How a Choral Director and Her Students Found Joy in the Folkways Archives

Watch this uplifting video giving voice to stalwarts of the American songbook

Oakcrest School Chorus
To learn more about high school choruses, a team from Smithsonian Folkways Recordings collaborated with the chorus (above) at Oakcrest, an all-girls school in Vienna, Virginia. Rui Barros Photography

Americans place great merit in the spirit of the individual, but we also understand that great strength is found in community. In music, the stirring voice of a fine soloist, that one soul reaching out to find and communicate with others can be generous and breathtaking, but when a group of voices seek together to form a choral community, the effect can inspire beyond words.

America loves its choruses. The popularity of 2009 television program Glee and the 2012 Pitch Perfect series stand as evidence that choruses hold a time-honored place in the broader American culture. A study conducted by Chorus America in 2009, found that 42.6 million Americans sing in choruses, and there are more than 270,000 active choruses in the United States: 41,000 in high schools, 216,000 religious choirs, 12,000 professional groups. The study found that when students come together to sing, the resulting educational impact is discipline, teamwork and increased civic involvement in later life. And in keeping with the narrative and themes of Glee, belonging to a chorus certainly helps you survive the multiple challenges of high school.

To learn more about high school choruses, a team from Smithsonian Folkways Recordings contacted Anne Miller, the choral director of Oakcrest, an all-girls school in Vienna, Virginia. Would she help us with an idea? Were choruses and choral directors aware of the great wealth of Americana, as well as World Music held in the Smithsonian Folkways collections? Would they be interested in mining this vast archive for competitions and concerts? We asked Miller to do some exploring, to find a song that spoke to her and her students? Figuring that school choir directors do so every day, we called on her to produce an arrangement for her talented high school choir to sing. For our part, we would produce a performance video of their effort, so together, we could encourage other choruses to investigate the great musical heritage of this country.

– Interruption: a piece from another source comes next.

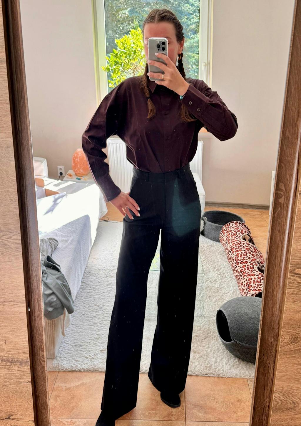 Dzięki przemyślanemu fasonowi, te spodnie z wełny doskonale przylegają do sylwetki, jednocześnie nie krępując ruchów. Średni stan zapewnia wygodę noszenia, a zapięcie na zamek z przodu dodaje klasycznego, eleganckiego wykończenia. Tkanina jest lekko elastyczna, przewiewna, dzięki czemu czujesz się w nich niezwykle komfortowo cały dzień. Świetnym dopełnieniem tej stylizacji jest czarne body z golfem z wiskozy i modalu – to wyjątkowo komfortowa baza, która nadaje całości subtelnie zmysłowego akcentu.

"This Land/Hard Times" by the Oakcrest School Chorus

Miller understood immediately what we were getting at, that what Folkways offers is more than music—it’s music with a story—and that maybe, the investigation of some of those stories was something the country’s choral students should engage with today.

Miller is a retiring woman with ice-blue eyes. In the 1980s, she finished her masters in piano performance, and still owns the good posture to prove it. She graduated from the only school she applied to, SUNY Fredonia, a campus set in a vast sweep of maples off Lake Erie and well-known for its music program. She has taught at Oakcrest School for the past 17 years. “I was hired to establish the music program,” Miller says. “In my mind, I was only going to be here for a year. I never wanted to teach large groups. I preferred one-on-one interaction. I thought I’d see all these kids looking at me for something and I would think, I don’t know who you are.” But once things got underway, the same students came back year after year and she admitted to herself that she had “fallen in love with teaching.”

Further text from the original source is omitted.